A Beautiful Question is a challenging book, to put it mildly, because it brings us abreast of the most recent, perplexing discoveries in physics and cosmology. As Wilczek describes it, this is a strangely synesthetic realm, where color and motion are versions of each other, where color is a kind of space. This is the realm where fundamental principles—like the notion of asymptotic freedom, for which Wilczek won his Nobel—sound simply backward or upside down. This is a realm that requires, as Wilczek says, new learning and “imaginative growth”—though he never makes a fetish of difficulty.
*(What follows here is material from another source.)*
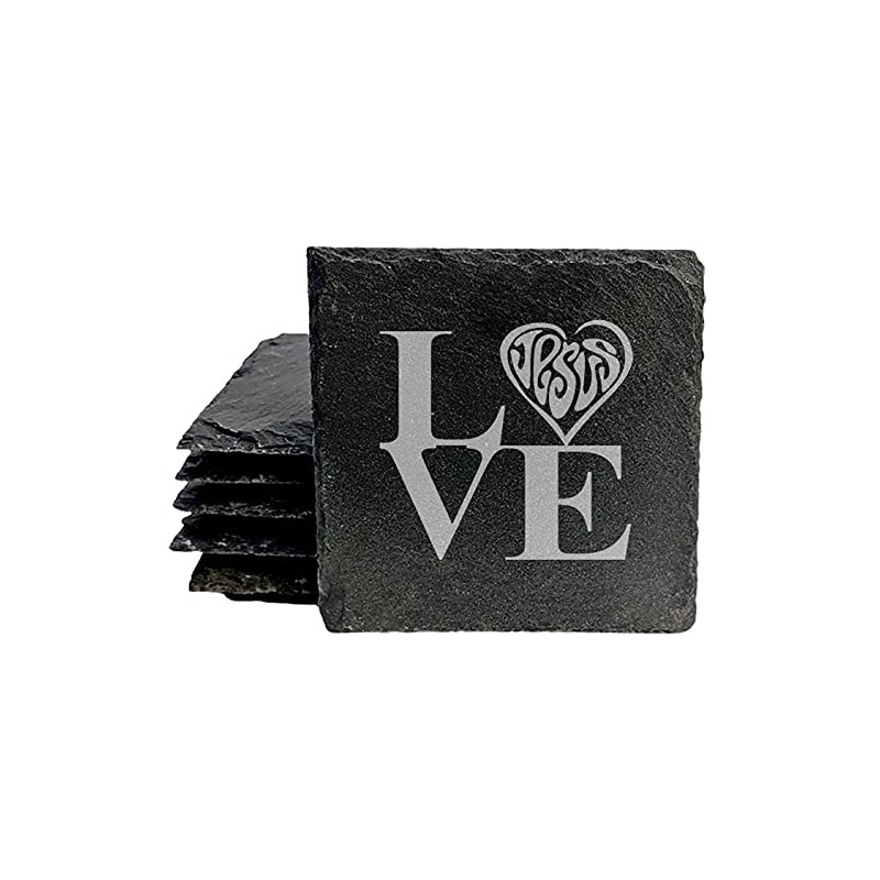 Handcrafted from natural gray slate, each coaster boasts a unique, chipped edge that adds a touch of rustic charm to your kitchen counter, coffee table, entryway, or any space where you want to keep your faith close. The creative design features the word "LOVE" with a heart replacing the letter "O," and the name "Jesus" inscribed within, creating a permanent and conversation-starting addition to your Christian home decor.**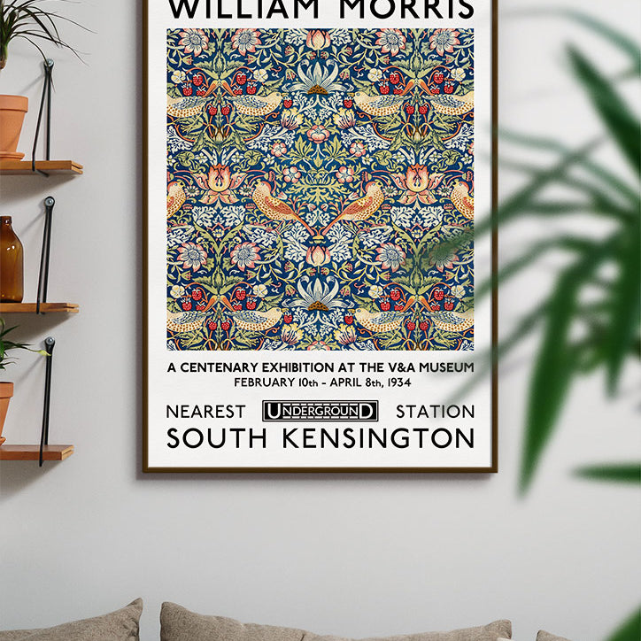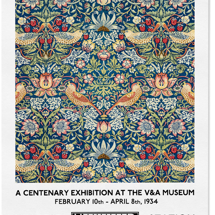 Vintage exhibition poster by William Morris. This classic Strawberry Thief pattern by will give your home a timeless style. Vintage bird illustration with the name of the artist at the top and the exhibition details at the bottom.

But this is also an endlessly invigorating book. Wilczek walks in beauty, the beauty of perspective and geometry and atomic musicality but also the beauty of the human mind. His search for analogies is historical, and his use of analogy in explaining advanced concepts is what you might call bidirectional. In other words, when Wilczek uses an analogy, he ends up illuminating the source or origin of the analogy (b in “a is like b”) as much as he does the technical concept he’s hoping to explain. He brings the complementarity and symmetry he expects to find in strong theories of our universe to the task of explanation. He explains, for instance, that “in musical terms, the human visual range spans one octave.” He’s like a man dropping a stone on a beach to demonstrate gravity while giving us, at the same time, a new theory of “stone” and “beach.” He reads the life and equations of physicist James Clerk Maxwell with the avidity of a strong poet reading his strongest predecessors.
The reader plays a unique role in A Beautiful Question, a far grander role than we play in reading almost any other kind of work. It’s not just that we are the anthropos in the anthropic principle, which, in its simplest version, says, “the world must be as it is, in order for me to exist.” (You’ll find this quotation in Wilczek’s immensely useful scientific glossary called “Terms of Art.”) We humans live within a narrowly bounded, fixed horizon of perception and comprehension, beyond which lies an almost unimaginable realm of laws, particles, behaviors, and possibilities—the subjects of this book. To read any general account of theoretical physics—but especially one like A Beautiful Question, which has a profound explanatory purpose—is to find yourself looking into a mirror while wishing desperately that you could see beyond yourself and the mirror that contains your image.
Wilczek’s goal is to guide us beyond ourselves to a place where we can glimpse, in imagination, the “common, world-filling electron fluid.” What leads the reader onward, through the most difficult patches of A Beautiful Question, is knowing, as Wilczek reminds us, that the limits of our understanding are not trivial, not merely a failure of education or intelligence. Those limits, as much as the atomic dust we’re made of, are structural—an infinitesimally small part of the universe we inhabit, which may itself be an infinitesimally small part of the greater possibilities hinted at in the cosmic beauty that Wilczek discerns.